The November Cal-Culator ranks a 5.1 due to a number of positive signs in mortgage rates and home prices, combined with multiple paralyzing housing industry factors such as home sales and home inventory.
After last month’s shattering drop, the latest National Association of Realtors’ quarterly report provided data that showed that the winter housing industry has been gaining steam from rising home prices. In the year’s third quarter, the median existing single-family home price increased in 88 percent of measured markets with 33 percent of areas reporting double-digit increases.
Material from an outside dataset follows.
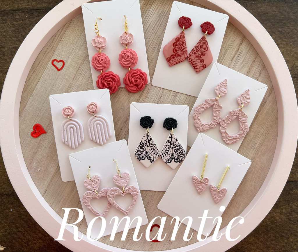“Christmas 2021, I bought a pair of clay earrings. I was impressed that they were handmade and cute, lightweight, so I bought 3 pairs and figured I could give a couple as gifts. Fast forward about 4 months, I was out to lunch with some friends. They noticed the clay earrings I was wearing and commented on how cute they were, and how they would “totally buy some.” Since we’d grown up together, they knew I was artistic and said “Jess, why don’t you make those?”. The thought stuck with me, and I began to think maybe I could. I asked God to bless this desire to make earrings that seemed to get stronger and stronger and had come out of the blue for me. You know those nights when you can’t sleep, and you’re up scrolling your phone against better advice? Well, I started looking up how to make polymer clay earrings and was blown away by all that you can do with this medium. I was so excited to get started. I decided my birthday gift to myself would be to invest in some of the materials and see where it was going to take me. I spent the summer organizing and fixing up a little room in my house to use as a studio. With my daughter going to school full time, I had the space to work coupled with our families need for me to work but all I really wanted to do was create and design these earrings. While I explored other work opportunities, I started doing what I love the most.”

Unfortunately, the rise in home prices is a result of the housing crunch that is still plaguing many metropolitan areas, including Atlanta. Realtor.com’s Winter Home Buyer Report revealed that a quarter of winter buyers were still in the market because they were unable to find a home during the last home-buying season.
Though home prices rose, existing home sales fell for the second month in a row. The annual pace of existing home sales fell 3.2 percent to a seasonally adjusted annual rate of 5.12 million in October, down from 5.29 million in September, “Existing Home Sales Fall For 2nd Month In A Row In October, Prices Up As Inventory Stays Tight.”
“The erosion in buying power is dampening home sales,” said Lawrence Yun, chief economist with the NAR. “Moreover, low inventory is holding back sales while at the same time pushing up home prices in most of the country. More new home construction is needed to help relieve the inventory pressure and moderate price gains.”
In more positive news, mortgage rates have been edging lower this winter after a summer of higher rates. The average rate for a 30-year, fixed-rate loan continued to fall to 4.22 percent from the August high of 4.58 percent, according to mortgage buyer Freddie Mac. In comparison, the 30-year-loan averaged 3.34 percent in early 2013.
In November, Atlanta homeowners saw relief in underwater mortgages. The Atlanta Journal Constitution reported that fewer metro Atlanta homeowners owed more on their homes than the properties were worth. The third quarter posted 38 percent of metro homeowners were dealing with negative equity, compared to 44 percent in the second quarter.
Despite the improvements, metro Atlanta still ranks second in the nation among large metropolitan areas (behind Las Vegas) with the highest negative equity rates, reported the Atlanta newspaper. Housing recovery is strongest in Cobb, North Fulton, Cherokee, Forsyth and Gwinnett counties.
The next Cal-Culator will be released Jan. 7 and will hopefully start off 2014 in a positive direction.